▶ _What you are asked to do_:
The required output is the run of lines from the one holding "بالصورة – تسرّب مازوت.. احذروا نفق المطار!" through the final line of the listing, restated word for word, with no pictures.

▶ _Data provided_:

※ ※ ※

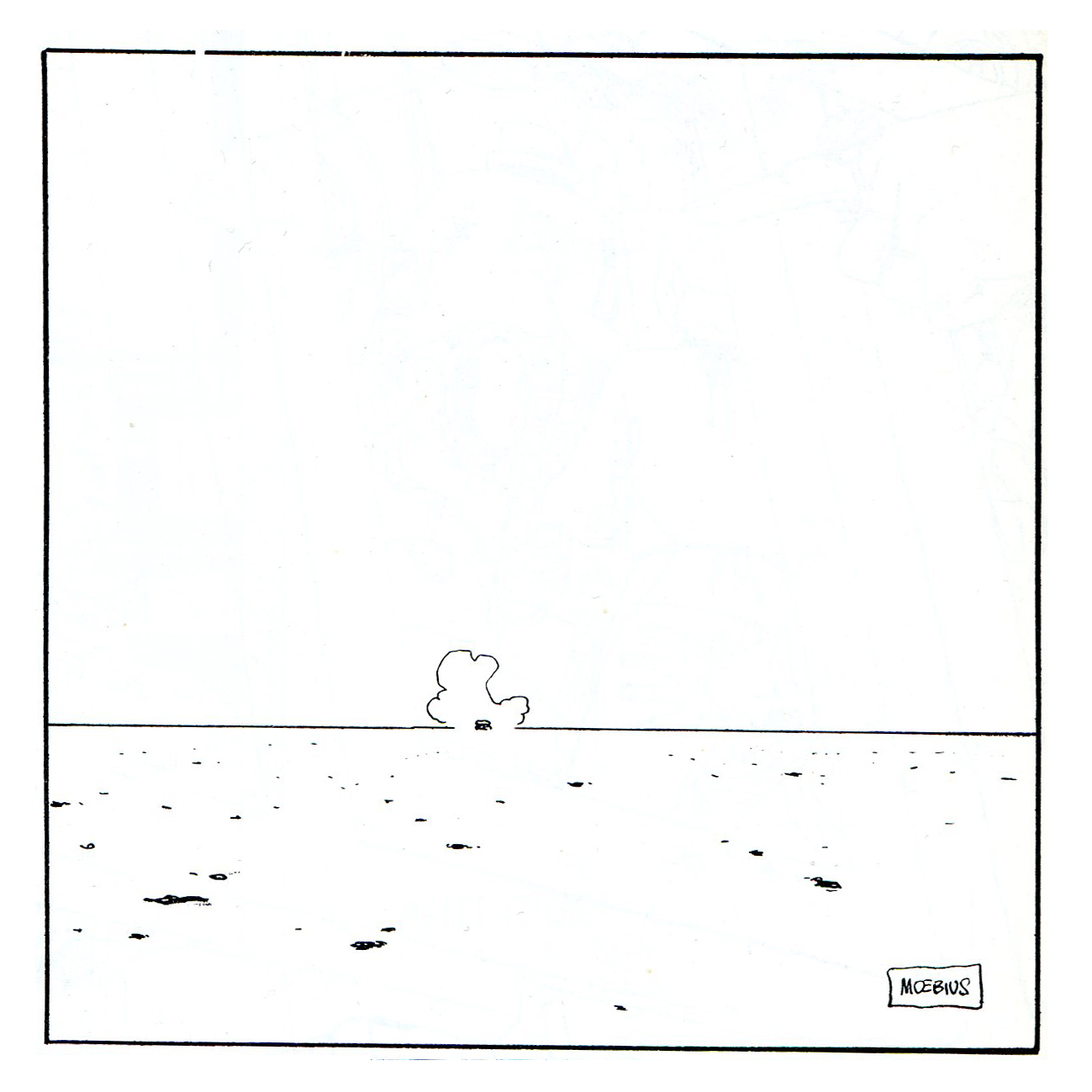 « Là où j’admire le plus Mœbius c’est dans la simplicité de certaines de ses images. Bien sûr, personne ne dessine les scènes de foule comme lui, des centaines de personnages dans des décors détaillés et pourtant, tout reste parfaitement lisible, on se demande comment il fait. Alors que cette image-ci, tout le monde pourrait la dessiner. Mais justement :
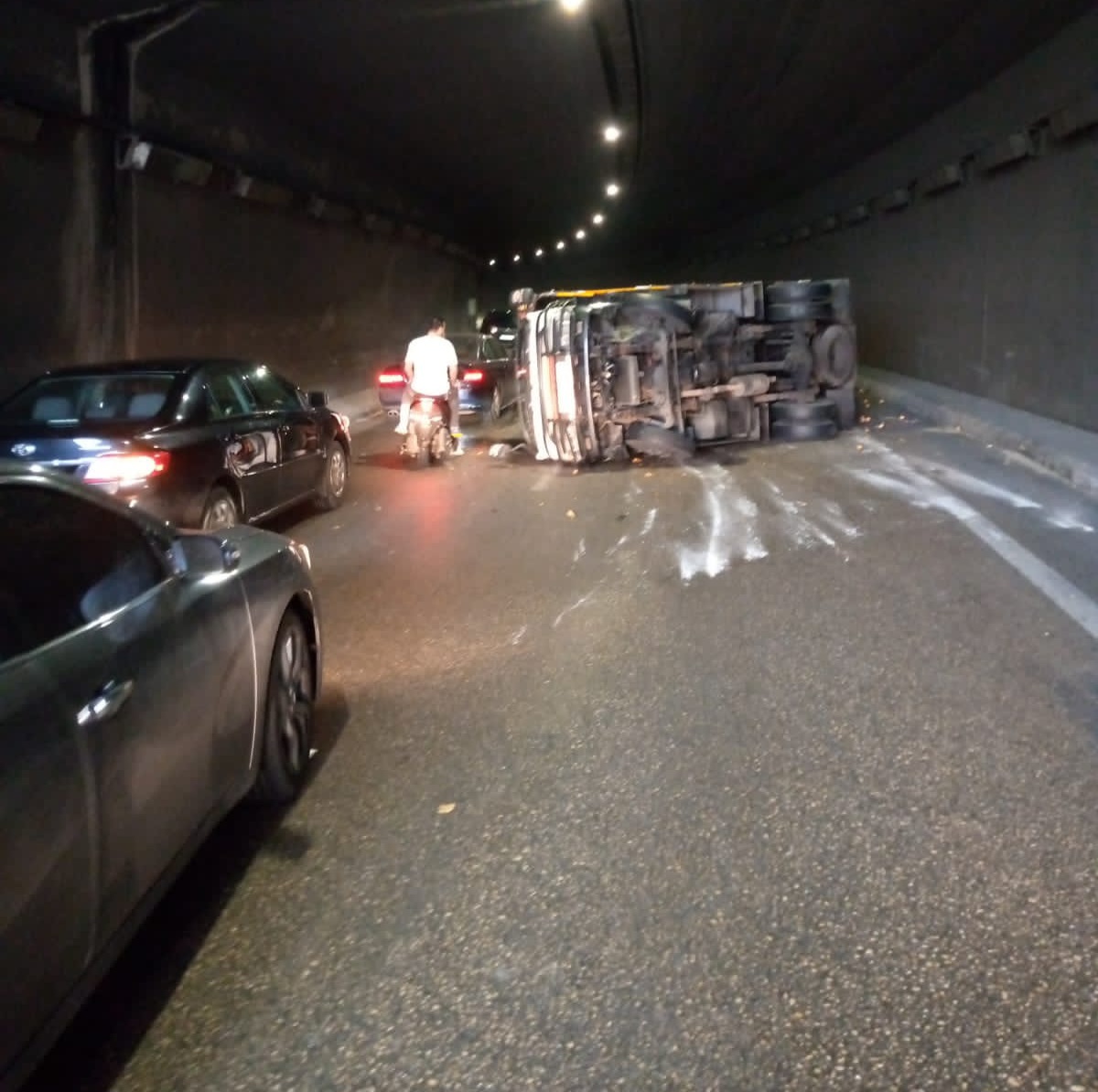 بالصورة – تسرّب مازوت.. احذروا نفق المطار!
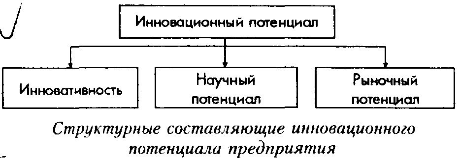 Таким образом, можно предложить следующий вариант определения термина «инновационный потенциал», отражающий его структурные составляющие. Инновационный потенциал — это характеристика предприятия, выявляемая в результате инновационного аудита, отражающая обеспеченность предприятия научными кадрами и высококвалифицированными специалистами (научный потенциал предприятия), восприимчивость предприятия к инновациям из вне и возможность реализации новшеств в производстве или организационной структуре (инновативность), рыночный потенциал которых удовлетворяет собственника предприятия.
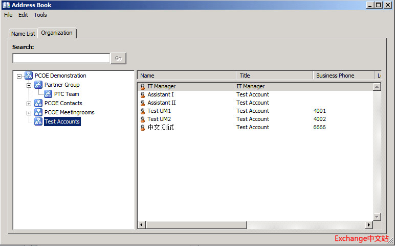 以下是Outlook中看到的结构化地址簿,可以看到,右侧列表中的用户是按照字母排序的,而排在第一位的是经理。也就是说,我们可以定制HAB的排序规则。

※ ※ ※

▶ _Solved exercise_:
 بالصورة – تسرّب مازوت.. احذروا نفق المطار!
 Таким образом, можно предложить следующий вариант определения термина «инновационный потенциал», отражающий его структурные составляющие. Инновационный потенциал — это характеристика предприятия, выявляемая в результате инновационного аудита, отражающая обеспеченность предприятия научными кадрами и высококвалифицированными специалистами (научный потенциал предприятия), восприимчивость предприятия к инновациям из вне и возможность реализации новшеств в производстве или организационной структуре (инновативность), рыночный потенциал которых удовлетворяет собственника предприятия.
 以下是Outlook中看到的结构化地址簿,可以看到,右侧列表中的用户是按照字母排序的,而排在第一位的是经理。也就是说,我们可以定制HAB的排序规则。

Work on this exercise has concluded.